== Problem to work on ==
Which lines run from the one containing "fare > NX Promotion" through the last line of the records? Copy them exactly, leaving pictures out.

(Data records)
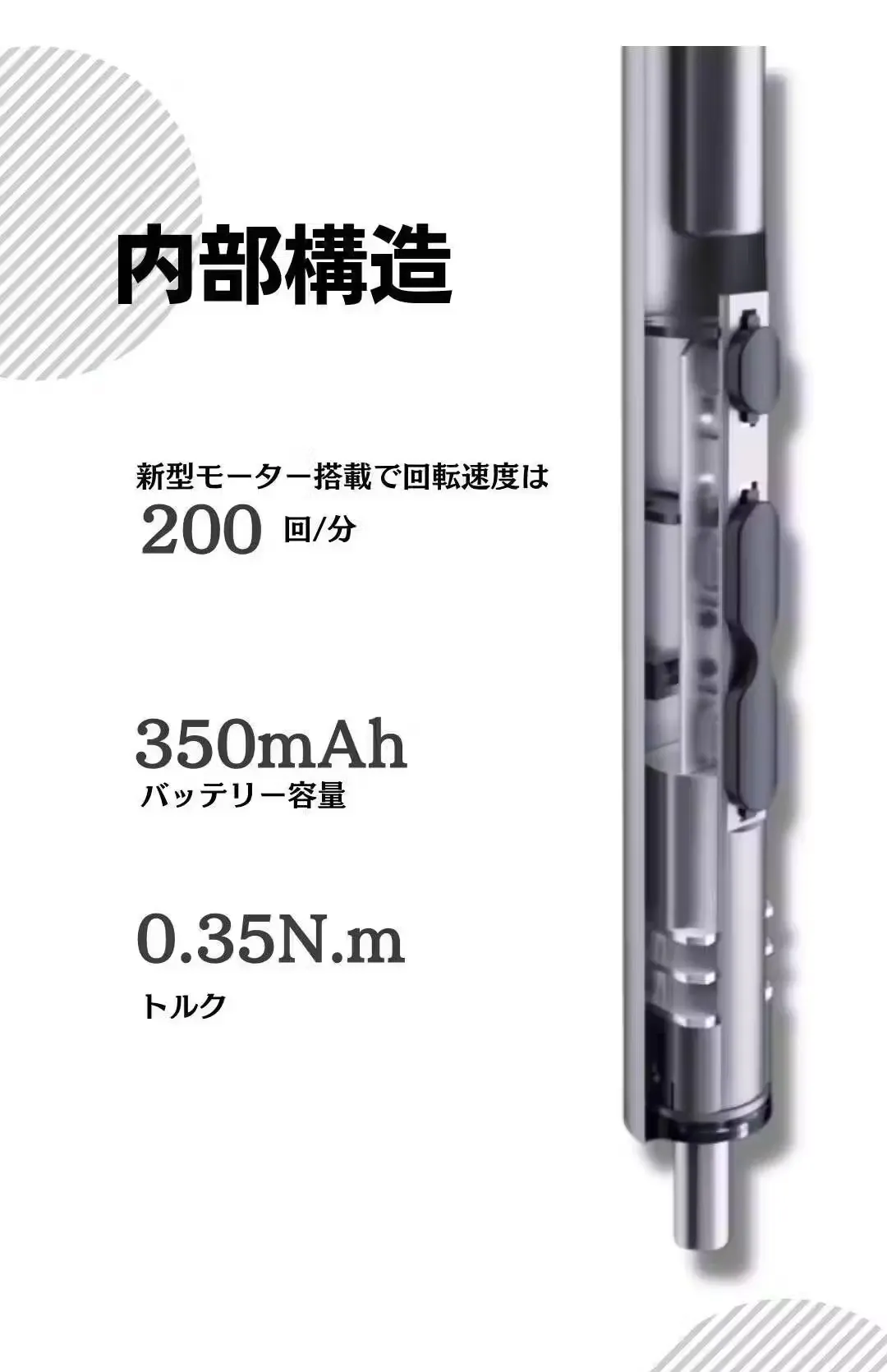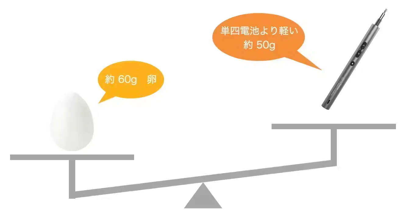 ドライバー本体の重さは約卵1個分。直径16mmのスリムなデザインなので、ペンのように簡単に握れる仕様です。
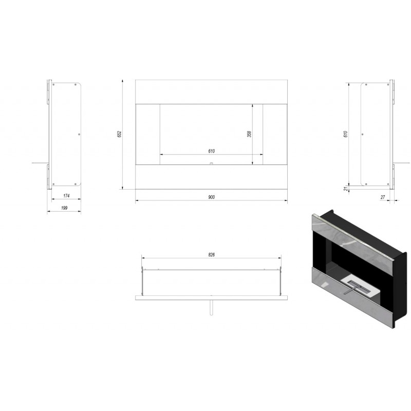 - indywidualna zabudowa: można zamontować we wnęce lub na specjalnie zbudowanym do tego celu elemencie dekoracyjnym wystającym ze ściany. Dylatacja: bezpieczna odległość od ściany (1,5 cm) pozwala na obieg powietrza wokół biokominka, bez dodatkowych listew montażowych.
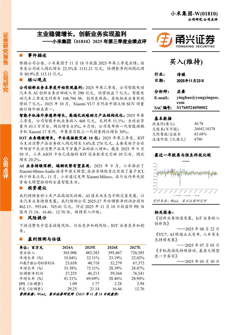小米集团:甬兴证券-小米集团-1810.HK-2025年第三季度业绩点评:主业稳健增长,创新业务实现盈利-251123
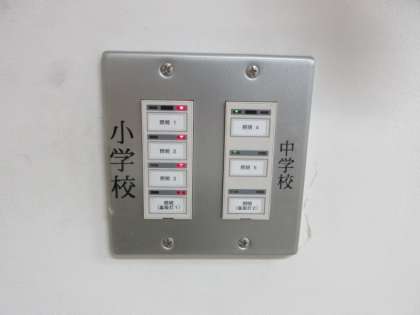 蛍光灯のスイッチは「小学校」側と「中学校」側の表示が分かりやすくなりました。
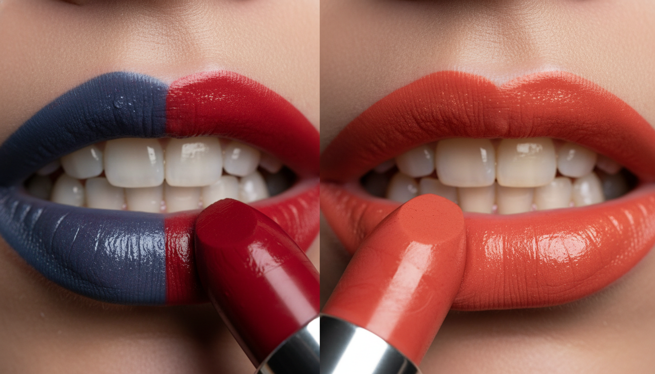 - The ‘Blue-Red’ Rule: Whiten teeth instantly by choosing cool-toned red lipsticks over orange-based shades.
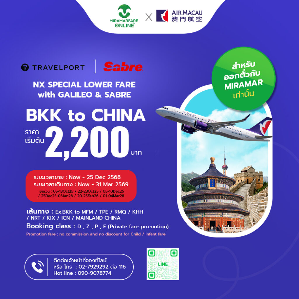 – ตรวจสอบรายละเอียดเพิ่มเติมได้ที่ Miramar Airlines fare > NX Promotion
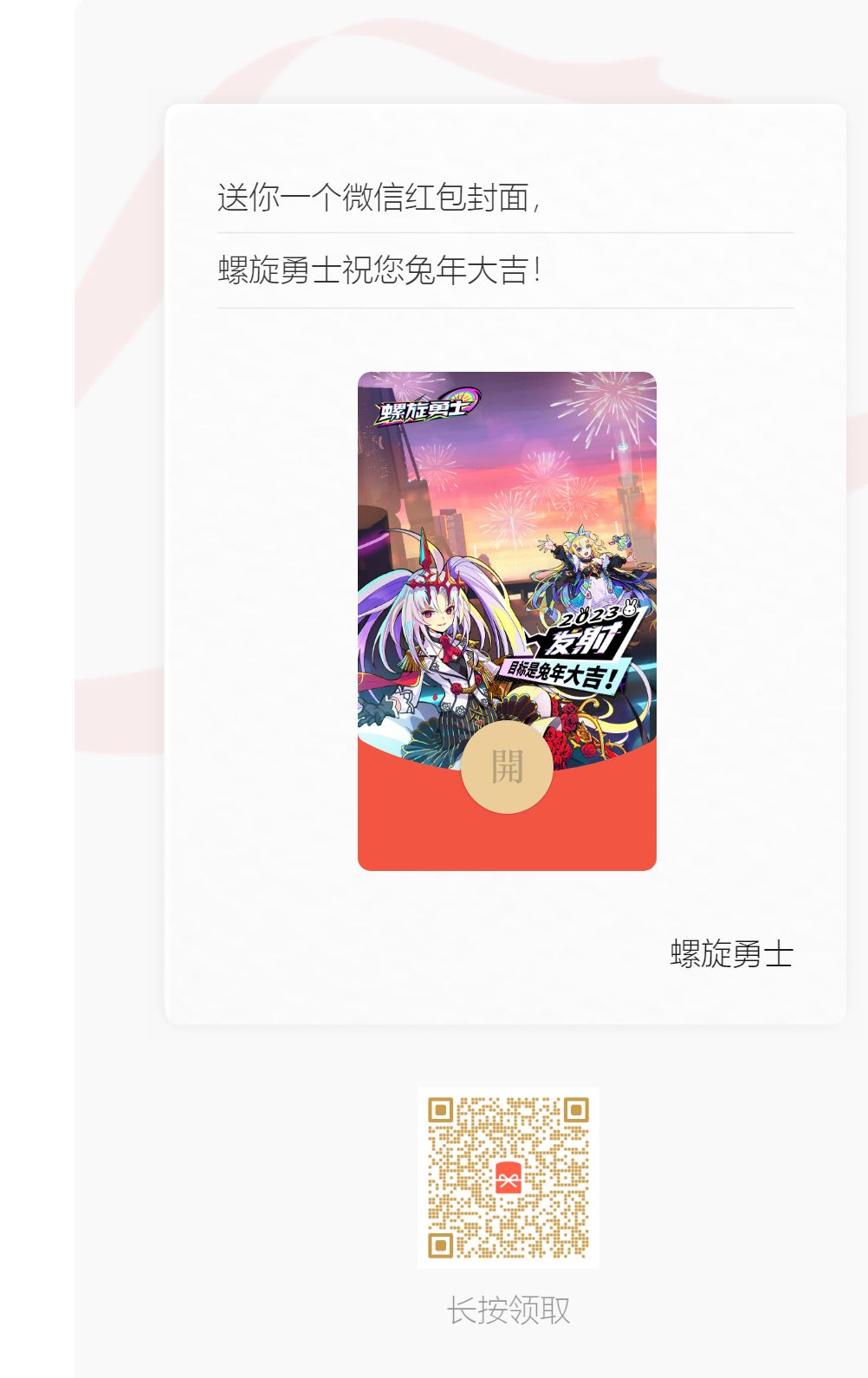 《螺旋勇士》希望大家能开开心心过大年,特此奉上定制红包封面,请各位陀螺手扫码领取(悄眯眯:关注螺旋勇士公众号也可领取封面噢~)
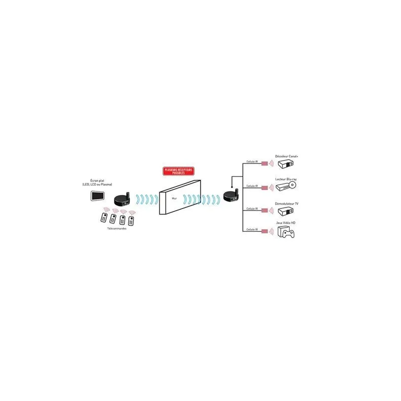 Ce déport de télécommande sans fil permet de commander jusqu'à 3 sources de lecture audio-vidéo situées dans une pièce autre que celle où se trouve l'écran/vidéoprojecteur. De plus, cet appareil est compatible Canal + .
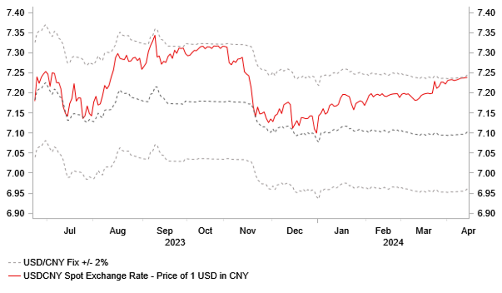 The other main development overnight from China was the release of the latest economic activity data for March. It was confirmed that economic growth in China strengthened in Q1 as a whole when it expanded by 5.3%Y/Y and 1.6%Q/Q. Growth in Q4 of last year was also revised higher by 0.2ppt to 1.2%Q/Q. Fixed asset investment expanded strongly by 4.5%Y/Y in Q1 following growth of 3.0% in 2023 highlighting the supportive impact from government stimulus. Stronger growth at the start of this year has though helped to ease some pressure on policymakers in China to provide further stimulus to support growth. However, the monthly activity data for March has cast some doubt on whether the pick-up in growth will be sustained. Industrial production and retail sales growth both were much weaker than expected in March when activity slowed to 4.5%Y/Y and 3.1%Y/Y respectively. Overall, the pick-up in growth at the start of this year in China supports our relatively more upbeat growth forecast (click here). However, it has not been sufficient to prevent the renminbi from weakening further against the US dollar. If US yields and US dollar continue to rise in the near-term, it is more likely that USD/CNY will be allowed to gradually drift back up to last year’s highs at closer to the 7.3000-level.
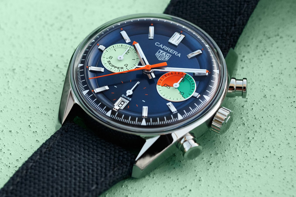 シグネチャー カレラ ブルーのダイヤルの3時位置と9時位置には、明るいティールカラーのカウンターが配されています。1968年の初のスキッパーウォッチにインスピレーションを与えたアメリカズカップの船、イントレピッド号のデッキを思い起こさせるデザインです。スタイルと機能をパーフェクトに融合したウォッチです。
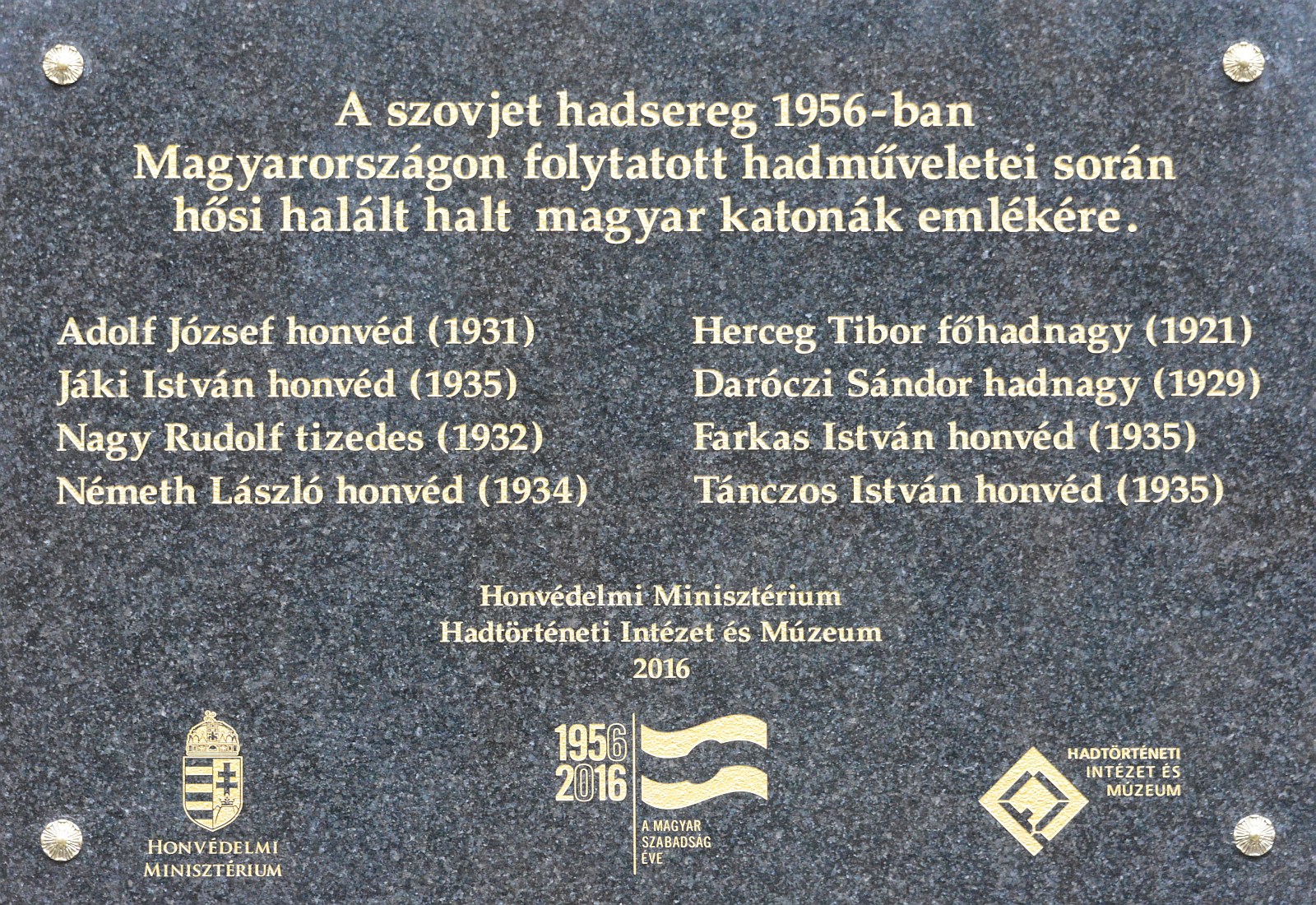 Székesfehérváron nyolc magyar katona esett áldozatául a szovjet inváziónak, emléküket most emléktábla őrzi 60 évvel haláluk után. Huszonéves fiatalok voltak: Herceg Tibor főhadnagy, Daróczi Sándor hadnagy, Németh László honvéd, Farkas István honvéd, Jáki István honvéd, Nagy Rudolf tizedes, Adolf József honvéd és Tánczos István honvéd.

== Answer section ==
 – ตรวจสอบรายละเอียดเพิ่มเติมได้ที่ Miramar Airlines fare > NX Promotion
 《螺旋勇士》希望大家能开开心心过大年,特此奉上定制红包封面,请各位陀螺手扫码领取(悄眯眯:关注螺旋勇士公众号也可领取封面噢~)
 Ce déport de télécommande sans fil permet de commander jusqu'à 3 sources de lecture audio-vidéo situées dans une pièce autre que celle où se trouve l'écran/vidéoprojecteur. De plus, cet appareil est compatible Canal + .
 The other main development overnight from China was the release of the latest economic activity data for March. It was confirmed that economic growth in China strengthened in Q1 as a whole when it expanded by 5.3%Y/Y and 1.6%Q/Q. Growth in Q4 of last year was also revised higher by 0.2ppt to 1.2%Q/Q. Fixed asset investment expanded strongly by 4.5%Y/Y in Q1 following growth of 3.0% in 2023 highlighting the supportive impact from government stimulus. Stronger growth at the start of this year has though helped to ease some pressure on policymakers in China to provide further stimulus to support growth. However, the monthly activity data for March has cast some doubt on whether the pick-up in growth will be sustained. Industrial production and retail sales growth both were much weaker than expected in March when activity slowed to 4.5%Y/Y and 3.1%Y/Y respectively. Overall, the pick-up in growth at the start of this year in China supports our relatively more upbeat growth forecast (click here). However, it has not been sufficient to prevent the renminbi from weakening further against the US dollar. If US yields and US dollar continue to rise in the near-term, it is more likely that USD/CNY will be allowed to gradually drift back up to last year’s highs at closer to the 7.3000-level.
 シグネチャー カレラ ブルーのダイヤルの3時位置と9時位置には、明るいティールカラーのカウンターが配されています。1968年の初のスキッパーウォッチにインスピレーションを与えたアメリカズカップの船、イントレピッド号のデッキを思い起こさせるデザインです。スタイルと機能をパーフェクトに融合したウォッチです。
 Székesfehérváron nyolc magyar katona esett áldozatául a szovjet inváziónak, emléküket most emléktábla őrzi 60 évvel haláluk után. Huszonéves fiatalok voltak: Herceg Tibor főhadnagy, Daróczi Sándor hadnagy, Németh László honvéd, Farkas István honvéd, Jáki István honvéd, Nagy Rudolf tizedes, Adolf József honvéd és Tánczos István honvéd.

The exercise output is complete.